Task statement:
What should be copied is the stretch of entries below from the line with "仕事帰りに、通り道のお宅の垣根から、綺麗な薔薇が、顔を出していました。" up to and including the line with "1、從OPP包裝袋中取出活性", exactly and without images.

Excerpted records:
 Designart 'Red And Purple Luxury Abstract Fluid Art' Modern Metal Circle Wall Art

---

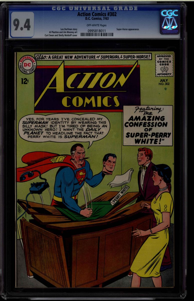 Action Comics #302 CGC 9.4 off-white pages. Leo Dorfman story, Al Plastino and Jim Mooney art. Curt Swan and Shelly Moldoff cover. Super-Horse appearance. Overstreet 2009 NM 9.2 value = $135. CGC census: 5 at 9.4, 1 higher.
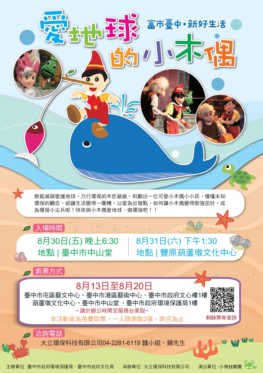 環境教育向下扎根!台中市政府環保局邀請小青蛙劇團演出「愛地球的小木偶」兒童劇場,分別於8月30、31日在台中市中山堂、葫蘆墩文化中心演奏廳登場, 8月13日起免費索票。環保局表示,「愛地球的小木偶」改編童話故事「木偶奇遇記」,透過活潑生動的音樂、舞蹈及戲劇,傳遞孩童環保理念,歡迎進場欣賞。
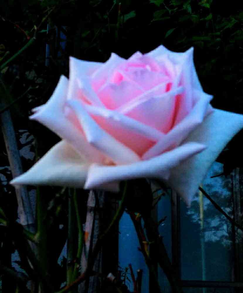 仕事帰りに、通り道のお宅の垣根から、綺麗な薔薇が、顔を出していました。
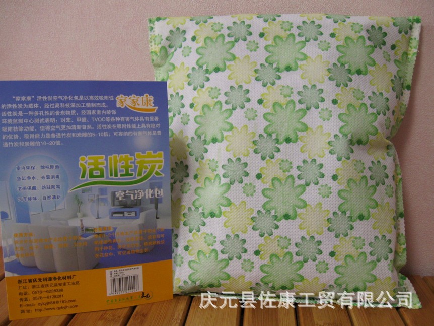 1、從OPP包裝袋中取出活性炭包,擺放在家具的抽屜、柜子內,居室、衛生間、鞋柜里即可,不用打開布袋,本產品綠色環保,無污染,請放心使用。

Response to this exercise:
 仕事帰りに、通り道のお宅の垣根から、綺麗な薔薇が、顔を出していました。
 1、從OPP包裝袋中取出活性炭包,擺放在家具的抽屜、柜子內,居室、衛生間、鞋柜里即可,不用打開布袋,本產品綠色環保,無污染,請放心使用。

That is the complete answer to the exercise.